I'm in the stretch, and I'm so far in the lead, I can't see any of the other runners. I blast across the finish line, and for the first time, I know for a fact that I am fast enough!

The crowd cheers, and Grandpa, who is still my private
coach, hurries up to me with the news, but he doesn't have to tell me—I know: it's a new school record.

“Yes!” I throw back my head in triumph. Up above, the clouds hang in perfect balance between the earth and the sky. I think of Mom and wonder whether or not she's cheering for me. It's been almost five years now. It took me quite a while to realize that even if Mom did roll over in her grave, like the district attorney said, it certainly didn't stop her from loving me or Tyler, or Grandma or Grandpa.

Actually, she's probably at peace with this whole business now, because from where she sits in heaven, the troubles we go through down here probably don't seem all that important.

•  •  •

When the meet is over, the good feeling doesn't just slip away like it used to—it lingers in the air, and while everyone else is clearing the stands and jamming the parking lot, my family comes down as they always do. Grandma gives me her big kiss and tells me how proud she is of me, and Dad and Tyler both give me hugs.

“You'll probably break
my
records someday,” I tell Tyler.

“You really think so?” he asks with his trademark smile—wider now that all of his teeth are in.

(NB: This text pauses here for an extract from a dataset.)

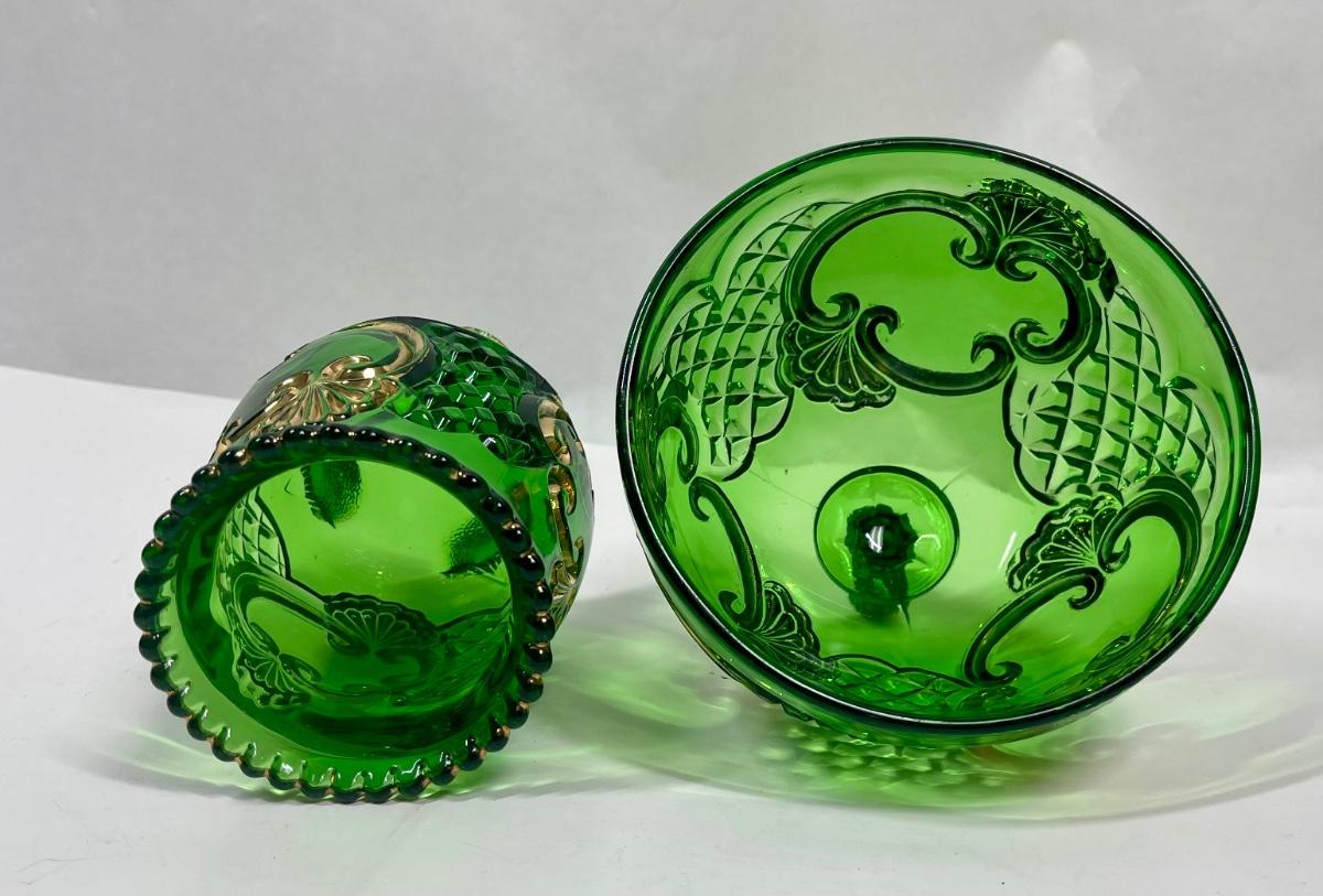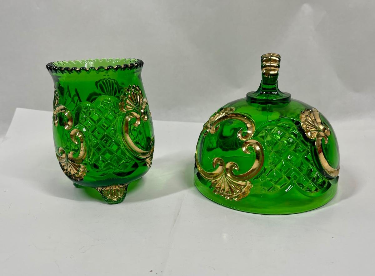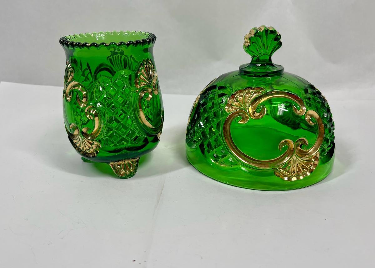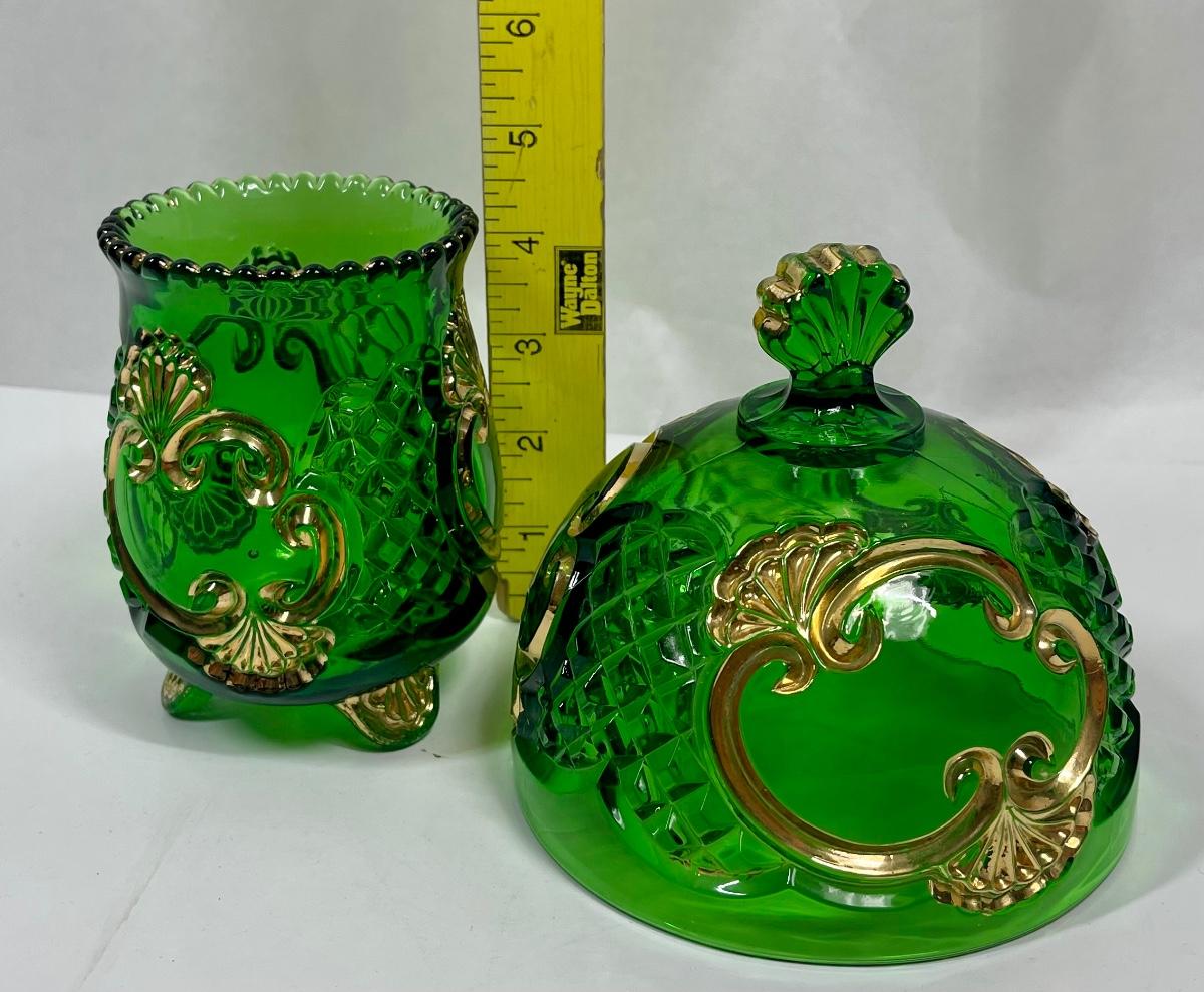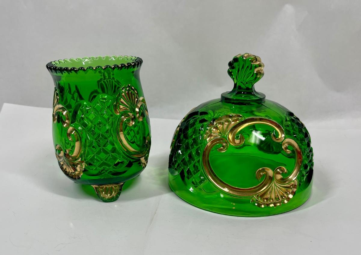 2 pieces of McKee Riverside Glass Croesus Green & Gold butter dish (top only) & Footed Spooner

Smile or not, though, I do worry about Tyler. In lots of ways, he still doesn't quite get it. He'll seem fine, and then out of nowhere he'll come home with a picture he drew in school of Dad shooting Mom. And below it, a caption: “Bad, Bad,
Dad.” Someday, when he's old enough, Tyler will have to have it out with Dad like I did, and Dad will have to explain to him about what he did to Mom. I don't think it's something Dad can hide from, and I don't think he should try. It may be his last responsibility to our mother.

I hand Tyler the record-breaking medal to hold, and he examines it, probably wondering why it doesn't look any different from the other ones.

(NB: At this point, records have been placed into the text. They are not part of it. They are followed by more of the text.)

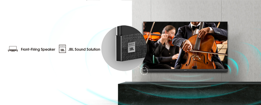 Tento model má na rozdíl od většiny běžných TV reproduktory umístěny na přední straně. To znamená, že nedochází k takovým ztrátám zvuku. Na vysoké kvalitě audio projevu má velký podíl také spolupráce s JBL. Výsledkem toho je, že si své filmy, seriály, hudbu i sport nebo hraní užijete opravdu naplno.
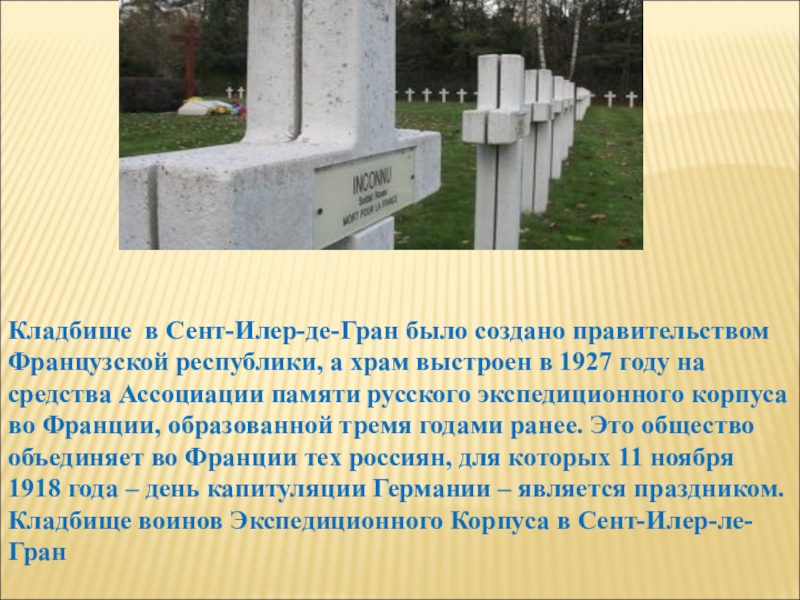 Слайд 9Кладбище в Сент-Илер-де-Гран было создано правительством Французской республики, а храм выстроен
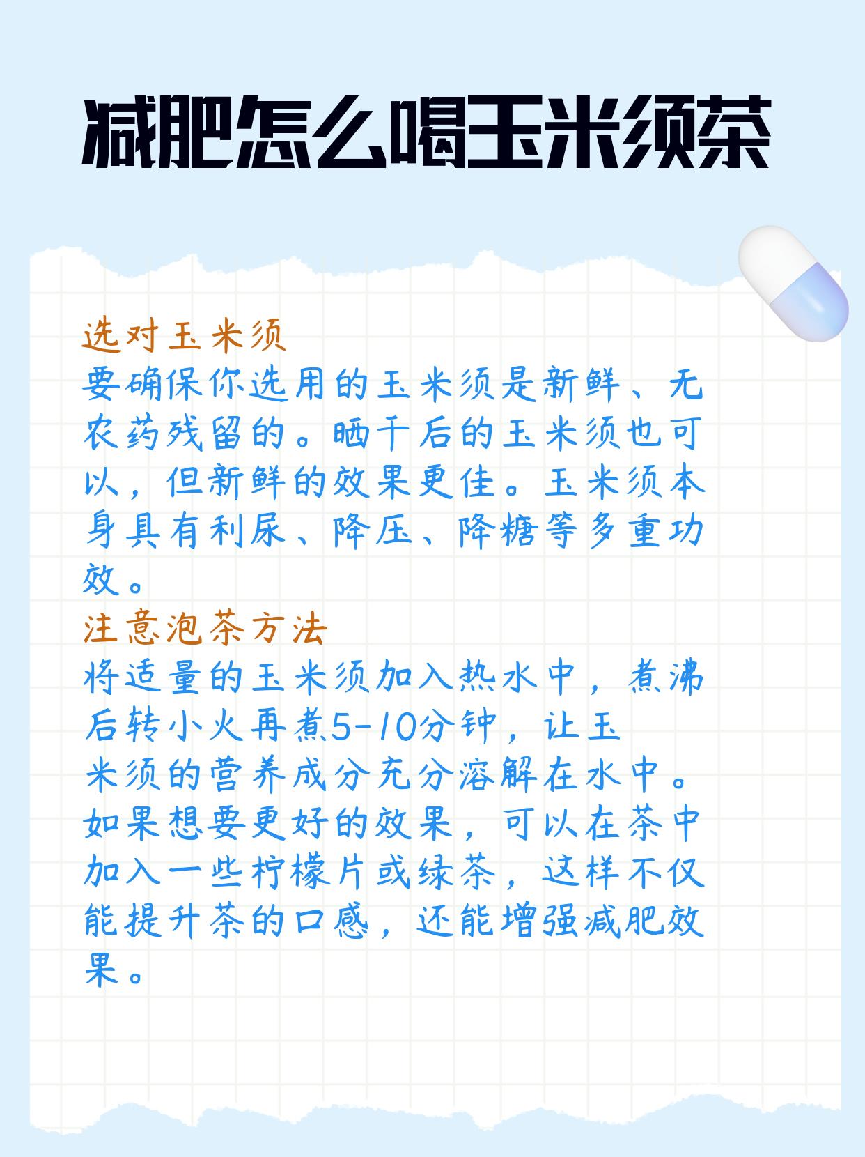 💡但要想让玉米须茶发挥最大的减肥功效,你需要注意选对玉米须、注意泡茶方法、注意最佳饮用时间、持续饮用等事项。

Yes, Tyler will be okay. I have to believe that. Just like I have to believe that Mom is watching, cheering me on—and that a day will come when I will finally see her, and she'll hold me with such a powerful embrace, it will make up for all the embraces we've missed over the years. But that's a long way off. For now, I have enough love around me to last a lifetime.

Jason hangs in the background like he always does during the family emotional stuff. Finally he comes up to me and pats me on the back. “Congratulations,” he says. “Today the pizza's my treat.” Which is easy for him to say; he works at the pizza place, so he gets it for free.